▶ [COLLECTED MATERIAL]
↓

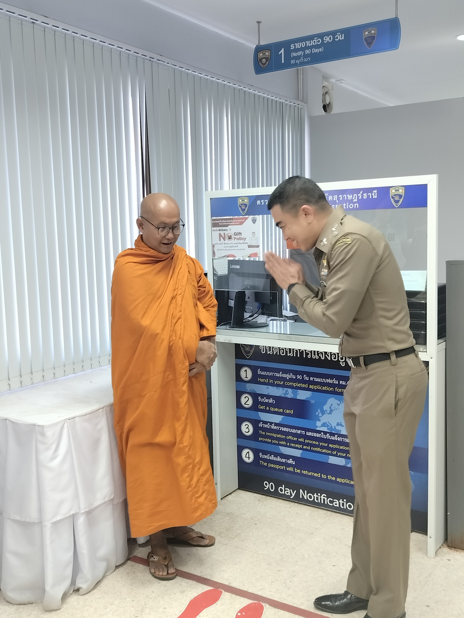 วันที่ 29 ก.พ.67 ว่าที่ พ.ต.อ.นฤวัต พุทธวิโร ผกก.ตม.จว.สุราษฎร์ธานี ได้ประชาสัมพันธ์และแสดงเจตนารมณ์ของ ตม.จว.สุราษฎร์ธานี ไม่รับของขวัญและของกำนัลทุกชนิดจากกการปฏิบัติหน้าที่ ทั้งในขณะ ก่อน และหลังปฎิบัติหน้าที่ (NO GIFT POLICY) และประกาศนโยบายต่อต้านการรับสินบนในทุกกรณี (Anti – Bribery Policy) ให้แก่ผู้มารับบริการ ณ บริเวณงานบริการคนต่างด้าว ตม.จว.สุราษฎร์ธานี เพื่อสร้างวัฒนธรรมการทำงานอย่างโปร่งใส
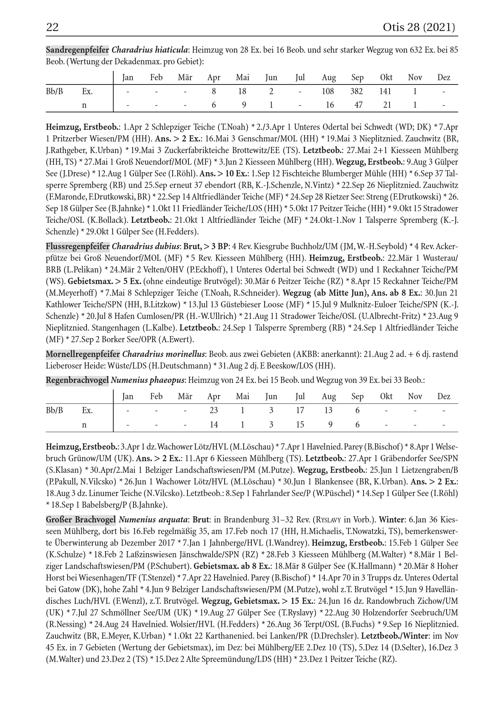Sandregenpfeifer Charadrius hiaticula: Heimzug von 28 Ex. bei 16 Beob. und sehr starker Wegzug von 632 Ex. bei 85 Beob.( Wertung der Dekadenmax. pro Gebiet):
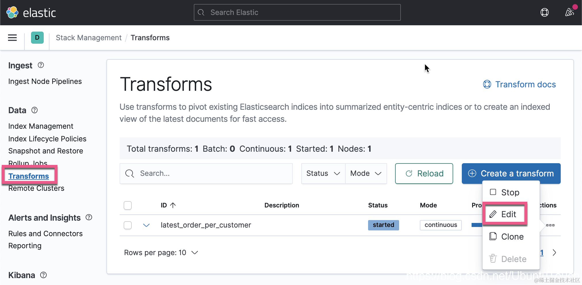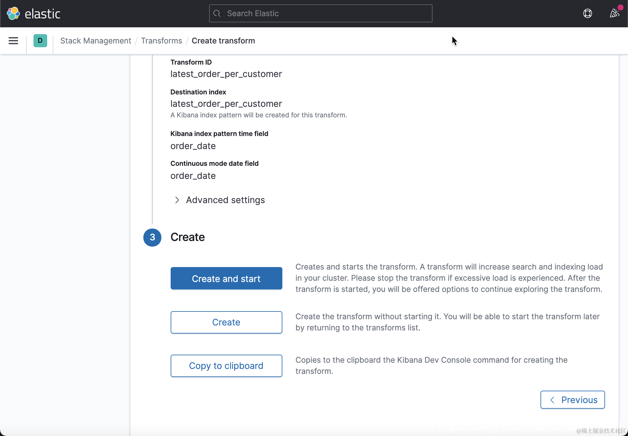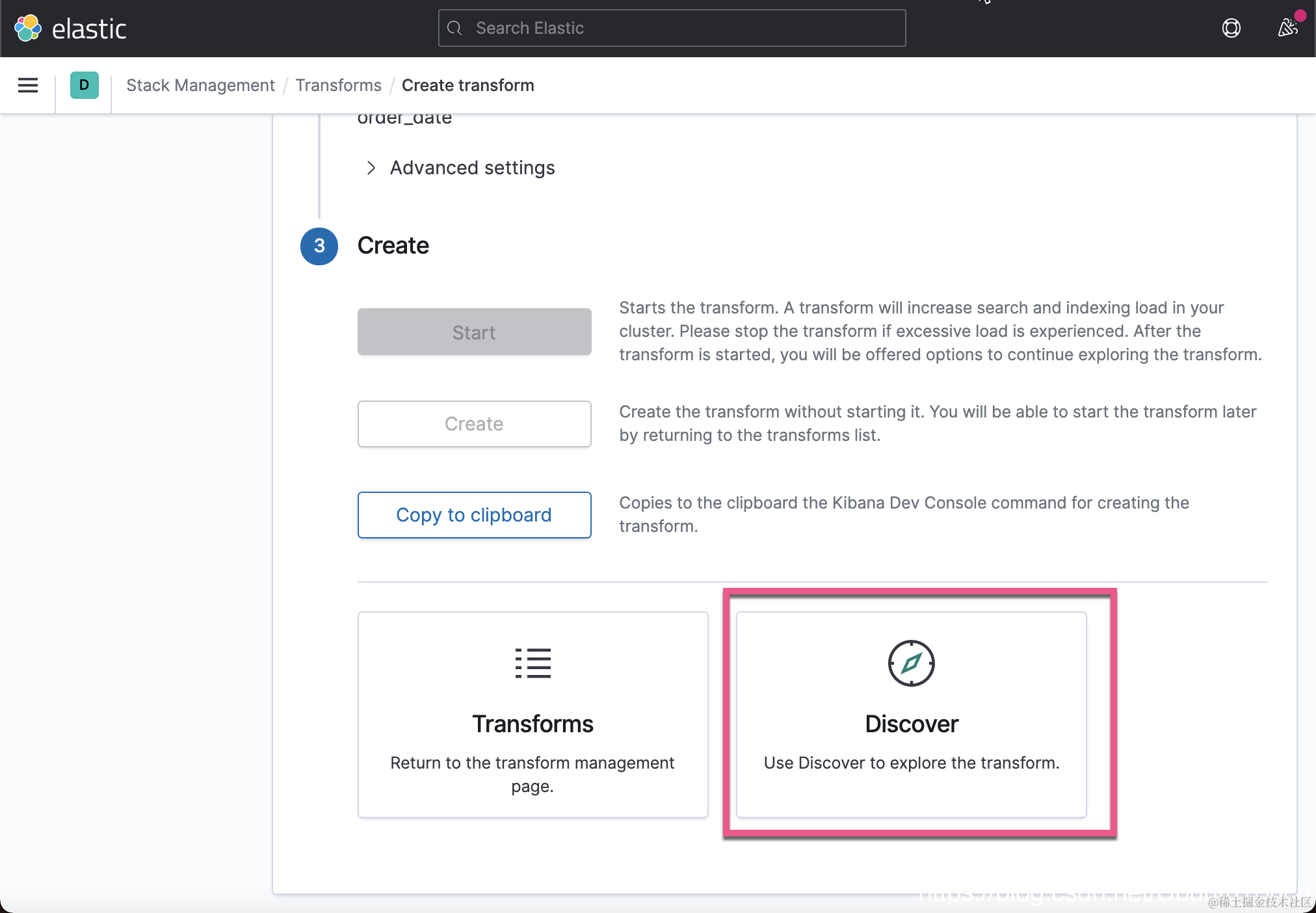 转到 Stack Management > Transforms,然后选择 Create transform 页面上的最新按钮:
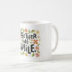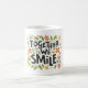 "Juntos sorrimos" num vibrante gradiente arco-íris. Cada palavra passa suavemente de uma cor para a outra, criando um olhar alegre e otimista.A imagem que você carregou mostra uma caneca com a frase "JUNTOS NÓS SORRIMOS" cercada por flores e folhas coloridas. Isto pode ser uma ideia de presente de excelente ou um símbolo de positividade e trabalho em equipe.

↑

▶ [WHAT YOU SHOULD DO] An exact copy of the material above is required, free of any pictures.

▶ [TASK SOLUTION]
 วันที่ 29 ก.พ.67 ว่าที่ พ.ต.อ.นฤวัต พุทธวิโร ผกก.ตม.จว.สุราษฎร์ธานี ได้ประชาสัมพันธ์และแสดงเจตนารมณ์ของ ตม.จว.สุราษฎร์ธานี ไม่รับของขวัญและของกำนัลทุกชนิดจากกการปฏิบัติหน้าที่ ทั้งในขณะ ก่อน และหลังปฎิบัติหน้าที่ (NO GIFT POLICY) และประกาศนโยบายต่อต้านการรับสินบนในทุกกรณี (Anti – Bribery Policy) ให้แก่ผู้มารับบริการ ณ บริเวณงานบริการคนต่างด้าว ตม.จว.สุราษฎร์ธานี เพื่อสร้างวัฒนธรรมการทำงานอย่างโปร่งใส
Sandregenpfeifer Charadrius hiaticula: Heimzug von 28 Ex. bei 16 Beob. und sehr starker Wegzug von 632 Ex. bei 85 Beob.( Wertung der Dekadenmax. pro Gebiet):
 转到 Stack Management > Transforms,然后选择 Create transform 页面上的最新按钮:
 "Juntos sorrimos" num vibrante gradiente arco-íris. Cada palavra passa suavemente de uma cor para a outra, criando um olhar alegre e otimista.A imagem que você carregou mostra uma caneca com a frase "JUNTOS NÓS SORRIMOS" cercada por flores e folhas coloridas. Isto pode ser uma ideia de presente de excelente ou um símbolo de positividade e trabalho em equipe.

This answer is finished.